Nestle innovates Nigerian operations amid naira devaluation.

Currency volatility is a major problem for foreign businesses in many African economies as it puts them at risk of losses. Two things happen when foreign companies lose confidence in the exchange rate of any market they operate in. They either leave the market or change their business model to suit the prevailing market conditions. Since 2020, following the ease of the COVID-19 lockdowns, many markets around the globe have witnessed either of these disruptive shifts.

For instance, in 2021, South African retail giant, Shoprite, began to restrict capital allocations to its subsidiaries in other African countries to make strategic investments in its home base. The move was triggered by massive losses- linked to the global lockdowns- across its foreign subsidiaries. Citing currency volatility, Shoprite withdrew operations from other African countries to take advantage of its dominance in key segments, grocery and growing food and beverage, in the South African market. 

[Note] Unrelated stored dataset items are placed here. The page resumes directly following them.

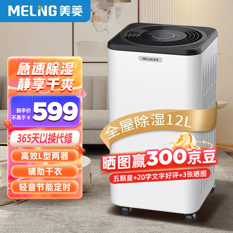 美菱(MeiLing)除湿机/抽湿机 除湿量12升/天 轻音家用吸湿器 卧室地下室干燥机干衣净化 回南天除湿神器MD-16A价格:699.00元!
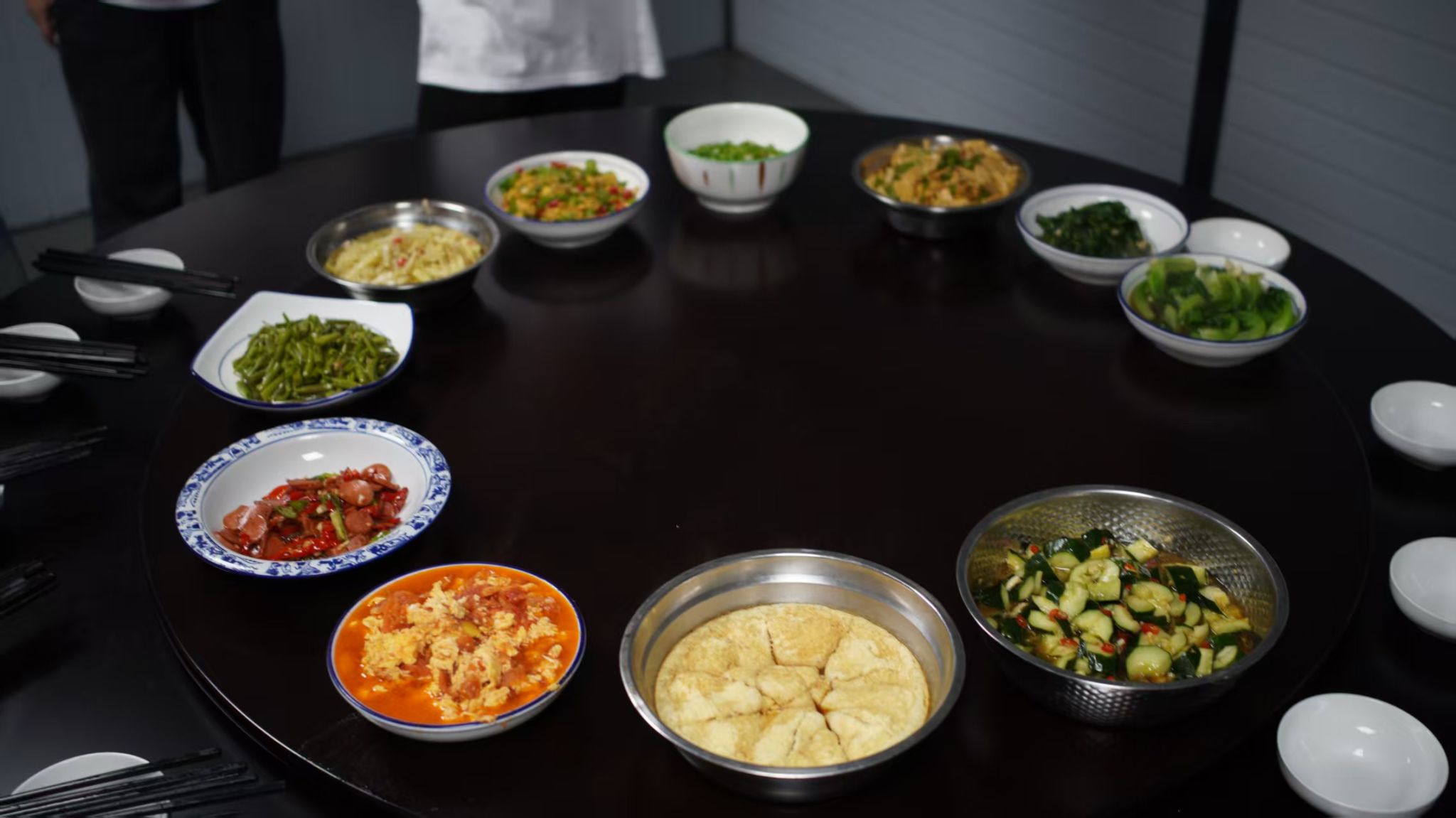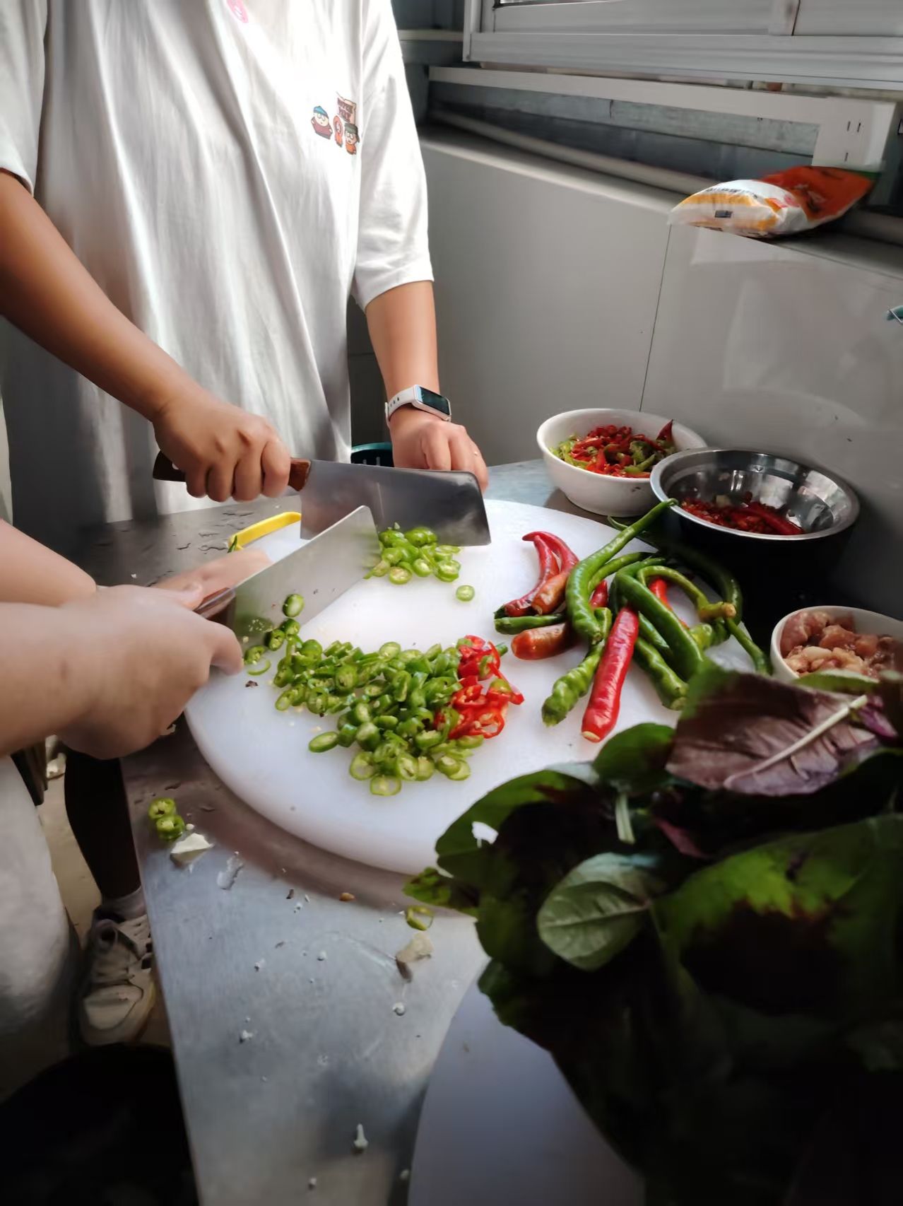暮色缓缓笼罩小村,雨势渐弱,厨房成了满是烟火气的温馨天地。老师与同学们各展厨艺,择菜的同学专注分拣,切配成员将土豆切成均匀细丝、把黄瓜拍打成适口块状,掌勺者则娴熟地起锅热油、调味翻炒。不久,清爽的清炒时蔬、酸辣的凉拌黄瓜与鲜香的紫菜蛋花汤等相继出锅,丰盛菜肴摆满餐桌。大家围坐而食,欢声笑语伴着饭菜香气在村庄里飘散。这场充满烟火气的协作,不仅凝聚了团队情谊,更承载着初到乡村的温暖与期待,为后续支教、助农、村志撰写等实践任务积蓄力量,让青春在乡村振兴的征程中绽放独特光彩。
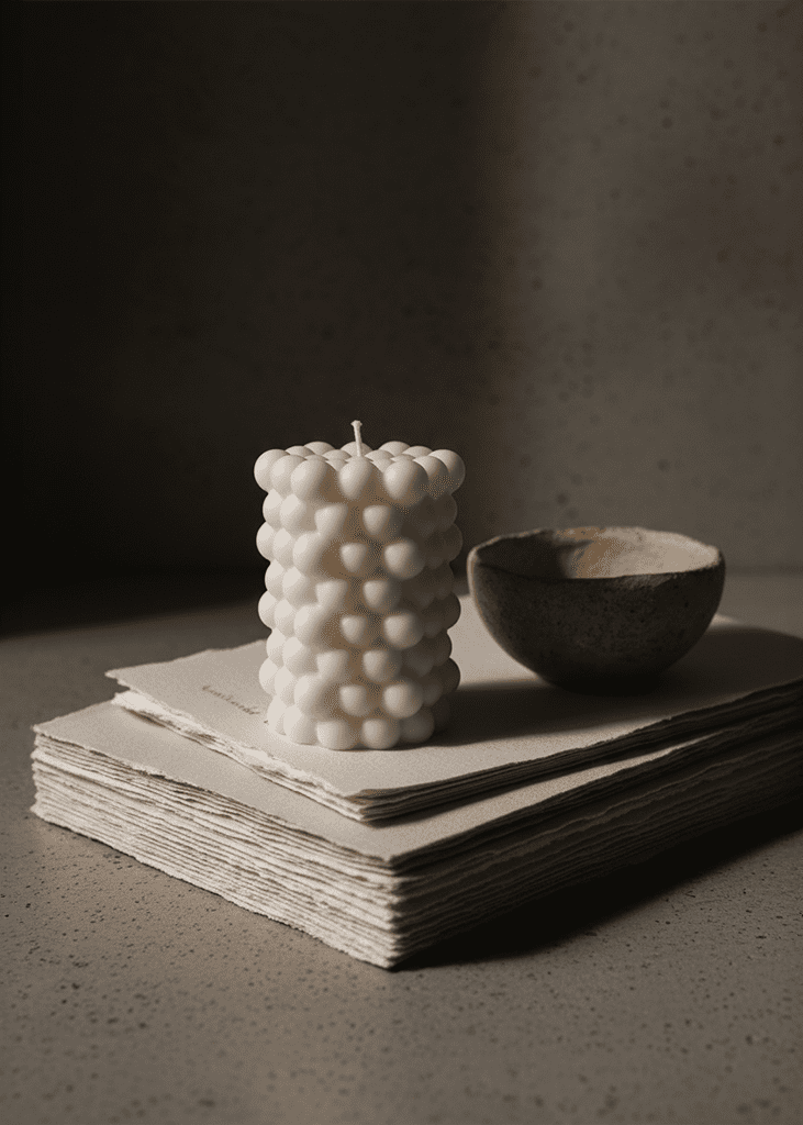 ⬥ NOTA: Por serem feitas à mão, as velas podem apresentar pequenas imperfeições ou ligeiras variações de cor e textura, refletindo a autenticidade do trabalho artesanal.
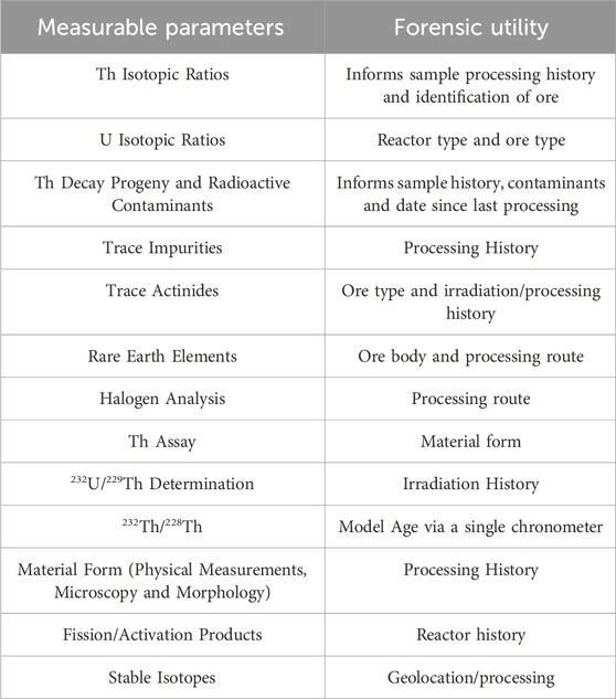 It is important to initially review the potential nuclear forensic signatures in thorium materials and the analytical methods available in standard laboratories to be applied. There are reported methods for the analytical radiochemistry and analysis of thorium-containing materials that can be applied for nuclear forensics and fuel development purposes (Shen et al., 2002; Hyde, 1959; Kayzar-Boggs et al., 2021). There is also academic measurement interest, for example, in earth and planetary sciences (Allègre et al., 1986). There are several relevant thorium isotopic and assay reference materials that can be used to underpin measurement traceability to validate analytical methods and ensure defensibility of results (Holmes, 2001; Essex et al., 2018). Studies on the impact of isotopic signatures in thorium/uranium mixed fuels are a recent highlight to understand post irradiation signatures of interest compared to standard nuclear forensic approaches (Evitts et al., 2021). Recent work has also explored the radio-chronometric analysis of thorium decay systems for age dating of processed nuclear materials within decades of the last date of purification or irradiation (Kayzar-Boggs et al., 2021).
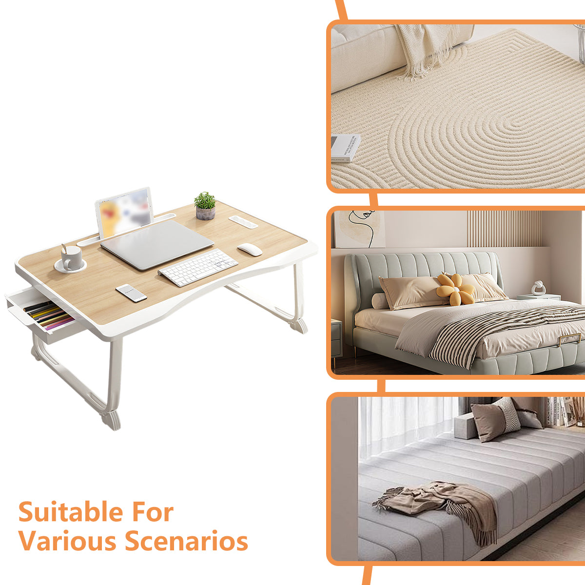 Folding Bed Desk Small Computer Table with Drawer for Study and Bedroom
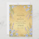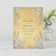 Ce design présente un fond chaud et doré ocre qui évoque un champ ensoleillé. De délicates pousses de lavande violette et de fleurs de lin bleu clair sont superposées à des herbes sèches vaporeuses pour un look naturel. La palette de jaune moutarde et de pervenche crée une esthétique sereine et rustique, parfaite pour une cérémonie en plein air à la campagne.
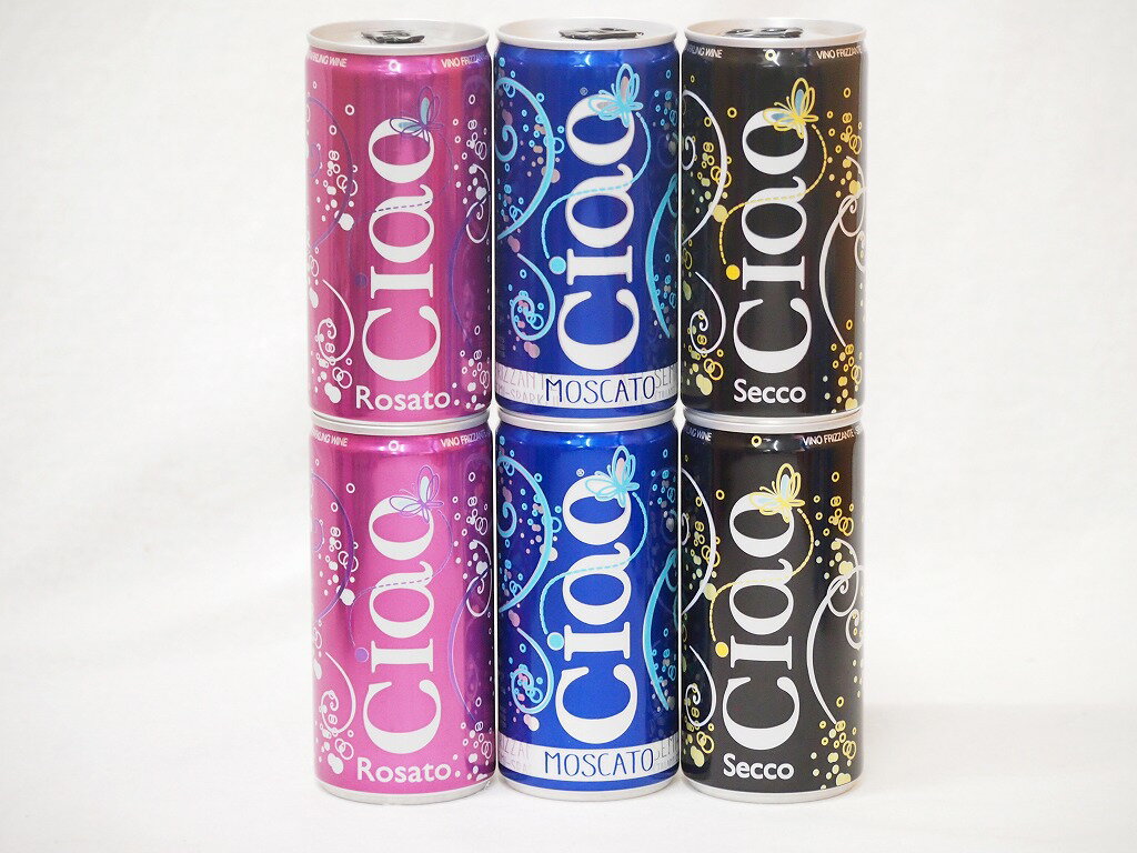 お誕生日 贈り物 御進物 ギフト包装 熨斗 メッセージカード無料飲みきりイタリアワイン缶6本セット(チャオ モスカート 甘口微発泡白ワイン チャオ ビアンコ 辛口微発泡白ワイン チャオ ロザート やや辛口微発泡ロゼワイン) 200ml×6本
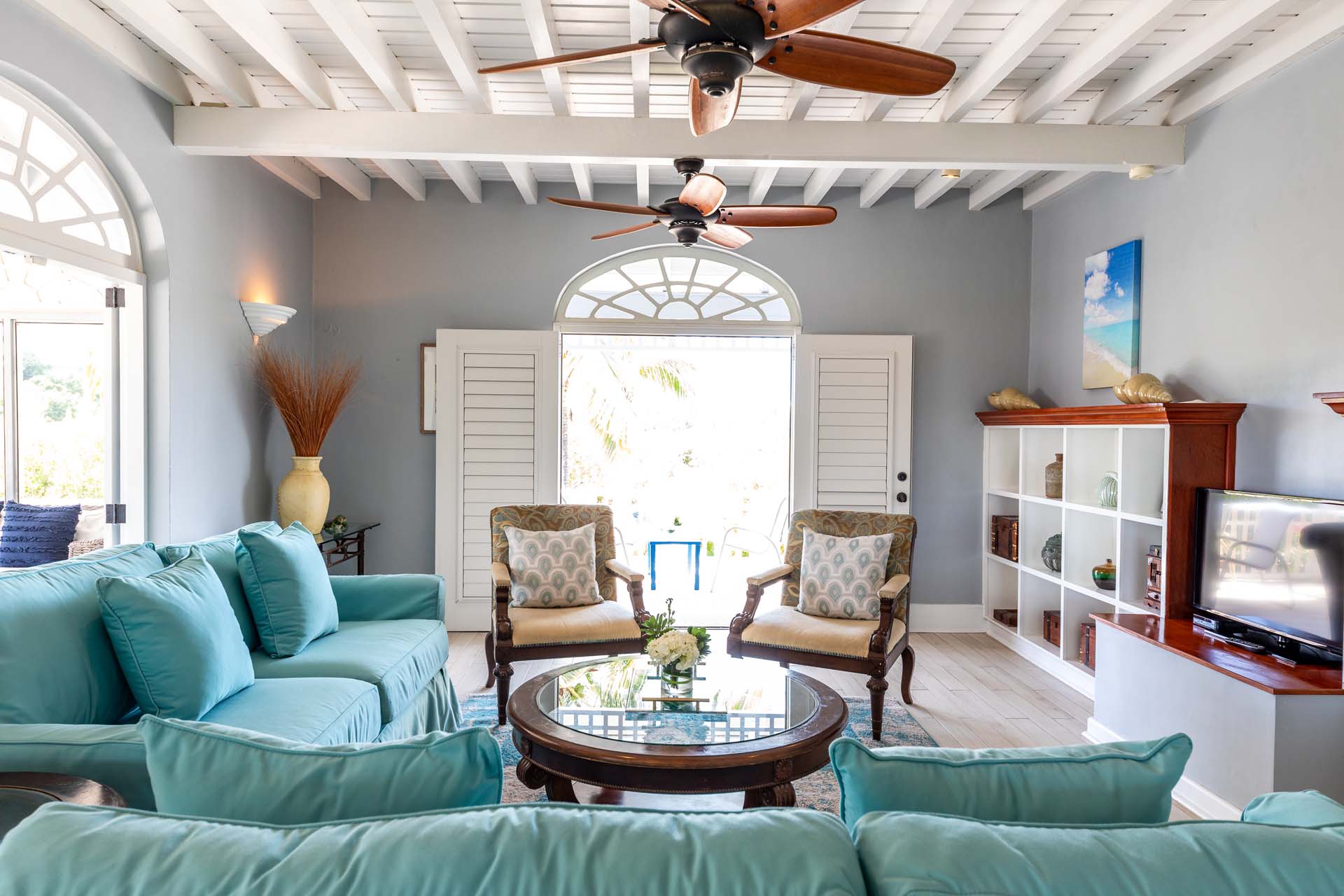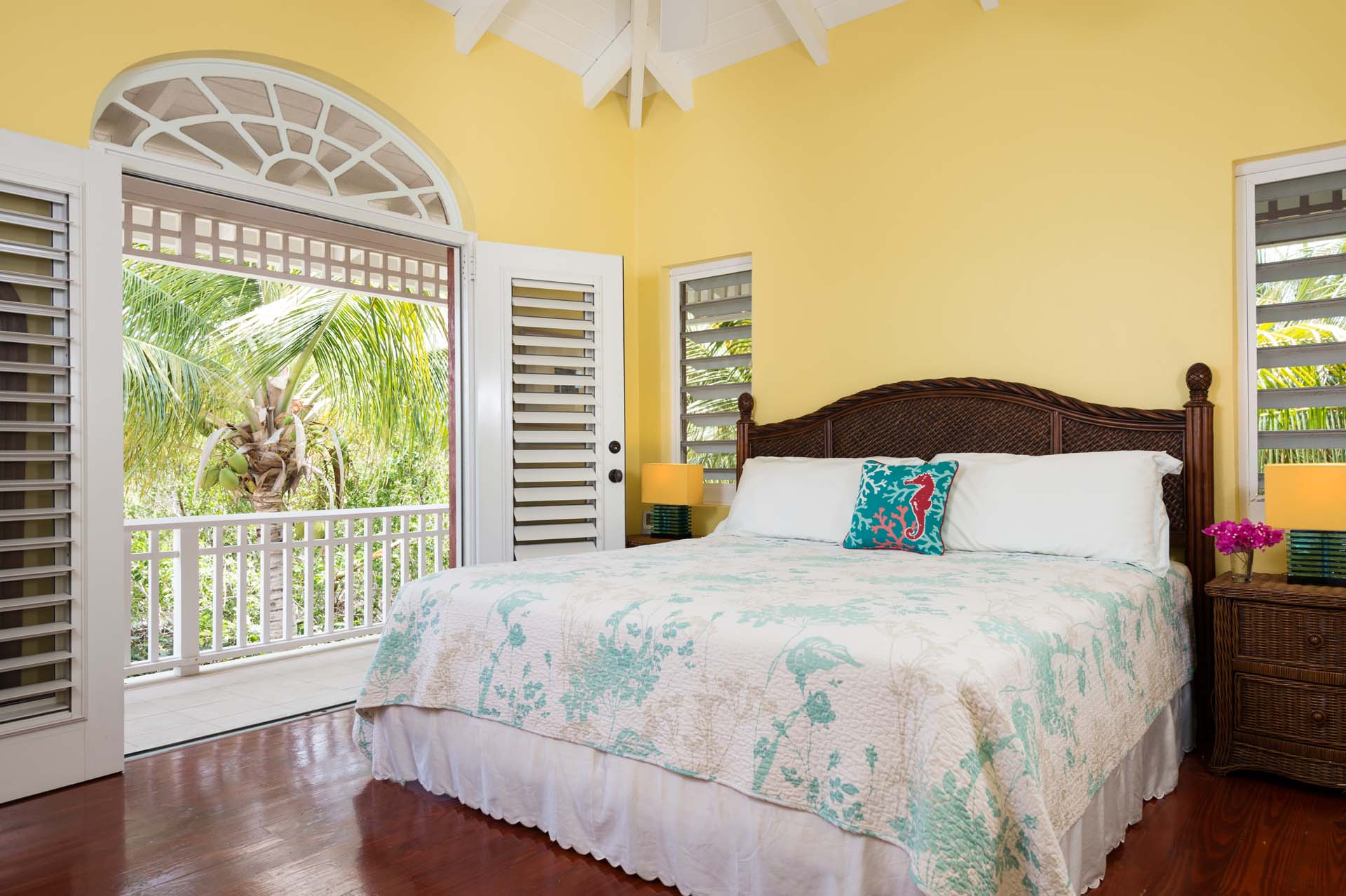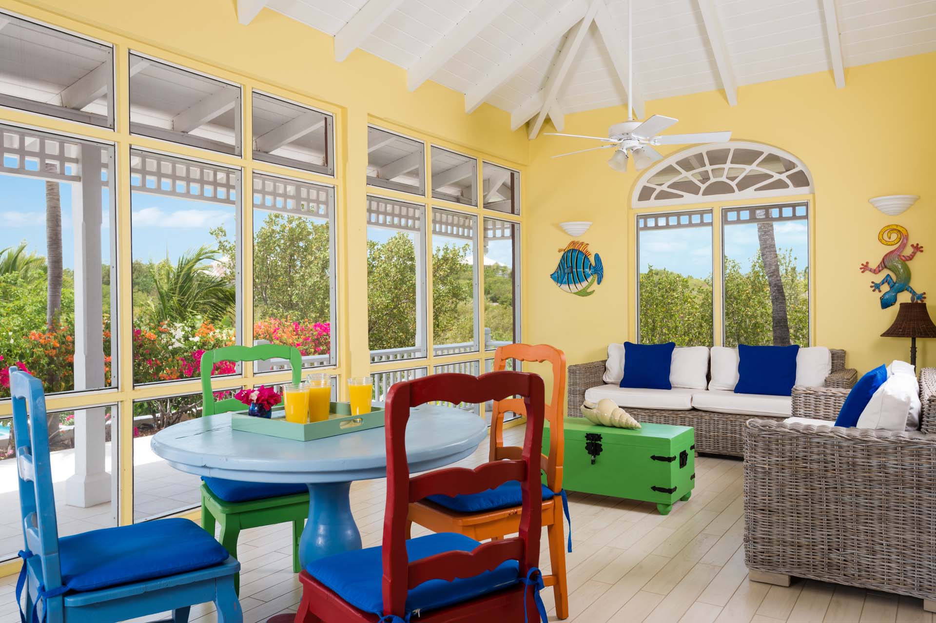 Welcome to Villa Etoile de Mer (villa code: IE ETO), a charming 4-bedroom beachfront villa in the Taylor Bay Beach area of Providenciales. Surrounded by lush palm trees and just a short walk from the beach, this villa is an ideal choice for a relaxing getaway in Turks and Caicos. Relaxing is easy in the flowing, open-plan design of Villa Etoile de Mer. Designed to be open to make the most of the gentle island breeze, it’s overflowing with bright colors and Caribbean charms.

Since the pandemic, high inflation rates and currency volatility – including devaluation – have become the norm for some African economies. We see this in Egypt, Kenya, Ghana, Nigeria, etc. These economic trends are responsible for consumers’ sentiments towards products and services as they tend to prioritise basic needs of cheaper comparative value to luxury and wants.

Earlier this month, the Central Bank of Nigeria implemented a clean float foreign exchange management system, to allow the naira to trade freely against the dollar rather than maintaining a pegged rate. After the CBN announced the new policy, the exchange rate plunged from N477/$1 on June 13 to N750/$1 on June 14. The decision saw a historic fall of the naira against the dollar from N741.21/$1 to N815/$1 on Wednesday, the 21st of June. Since then, the rates have been on a volatile downtrend. 

While companies like Unilever Nigeria Plc announced plans, earlier in the year, to exit some market segments due to currency volatility, Nestle Nigeria is reinventing its operations in Africa’s largest economy. Recently, the fast-moving consumer food giant announced plans to increase the sourcing of local raw materials- like starch and turmeric- in its African markets to reduce foreign exchange exposure. Nestle is replacing imported corn starch in Nigeria with cassava starch and has helped seven local suppliers to boost capacity to meet the company’s supply needs, according to Reuters.

A few weeks ago, in March, Unilever Nigeria Plc announced plans to exit from Nigeria’s home care and skin cleansing market segment to reposition its business for sustained profitability- concentrating on higher growth opportunities. The multinational brand has two business segments in Nigeria, food products, and home and personal care segments.

Last year, the company raked in N88.72 billion in revenue. While the food products segment generated N42.6 billion (48 per cent), the home and personal care segment generated N46.09 billion (52 per cent) of the total revenue. But it chooses to leave to strengthen “business operations with measures to digitize and simplify processes, and focusing more on business continuity measures that reduce exposure to devaluation and currency liquidity in our business model,” the company said.